Peggy considers, listening. "I believe that's sufficient for us to move on the issue, Herr Berg. While our political leanings may be on opposite sides, I think that in this we can agree that we are in accord." She looks to Coulson, then back to Berg. "We can proceed. My colleague will arrange the details with you to handle the orchestration of your family members." That's work better left to Coulson and Fury; Peggy's aware that her gender still carries implications of lesser competency that she wishes to avoid. Besides…she'll be needing to coordinate with the larger bulk of SHIELD forces to make this happen.

There's a sheet of ice that cannot be broken. Phil shows absolutely no physical reaction to the bomb that was just dropped by Wilhelm Berg. Rather, he folds the piece of paper over its binding, in order to prepare a fresh one. He then reaches down to collect his briefcase once more, and lifts it onto an empty spot on the table.

"Herr Berg? Hugo Stiglitz." He offers a warm handshake, the smile on his face somewhat humored. Agent Stiglitz thought it would be funny to fashion Coulson's paperwork with a name close to his own. Clever, considering when the man defected to SHIELD during the War, he also managed to erase every single record of his service to the Third Reich, a feat that earned him his place in SHIELD's operations here. Until today, Hugo Stiglitz apparently never existed. "You must forgive me," he carries on with perfect, conversational German, not this Hochdeutsch bullshit they teach in American schools. "I'm a man of details, and sometimes, the level to which I collect these details can be… unnerving. I'll beg of you to be patient with me. See, I've found that details can mean the difference between profit and… well. Not profit."

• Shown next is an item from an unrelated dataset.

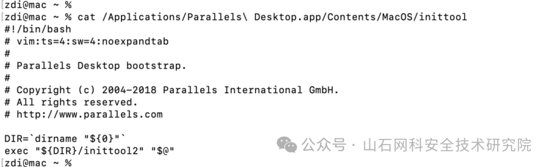 – CVE-2023-27324 (ZDI-23-218)和 CVE-2023-27325(ZDI-23-219),通过Parallels Updater进行本地权限提升。这两处漏洞是在Parallels Updater prl_update_helper 二进制文件中发现的。在CVE-2023-27324中,prl_update_helper 二进制文件调用一个名为 inittool 的bash脚本,而无需设置特权模式: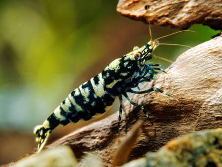 bright, freshwater prawn with black stripes - tiger in the aquarium

He flashes Wilhelm a charming smile, then opens the briefcase to reveal a bottle of vodka, two glasses, and a collection of accoutrements including local maps, a book of various medicines (within the binding of which is concealed a very sharp knife), and some others. "A drink? Or, shall we just… cut the potatoes and move along?"

Leo doesn't move beyond that. He has given the hook, the line, and the reason to yank him off a sinking ship. He nods in understanding. "Naturally, my assets will not have cover when this goes live. I will provide the particulars as necessary." He makes that sound so incredibly simple, a matter of fetching the post from the office after work.

His handshake to Phil is particularly firm, precise. It's not entirely the gesture of a man who spends his day pushing paper around. Neither is the bearing, military hidden under the layers of civilian life. "No drink while at work. A messy and regrettable habit. Let us save the toast for the other side, when we may be assure dthe taste will go down. Your stomach may be too turned and curdle perfectly good drink."

Details, as it is to be. He will stand until bidden to sit, sit until called to stand. He's on their time, politely. If this isn't a Stasi ruse and someone is calling the mothership of the coup they're about to perpetuate. How far does a spy trust a spy?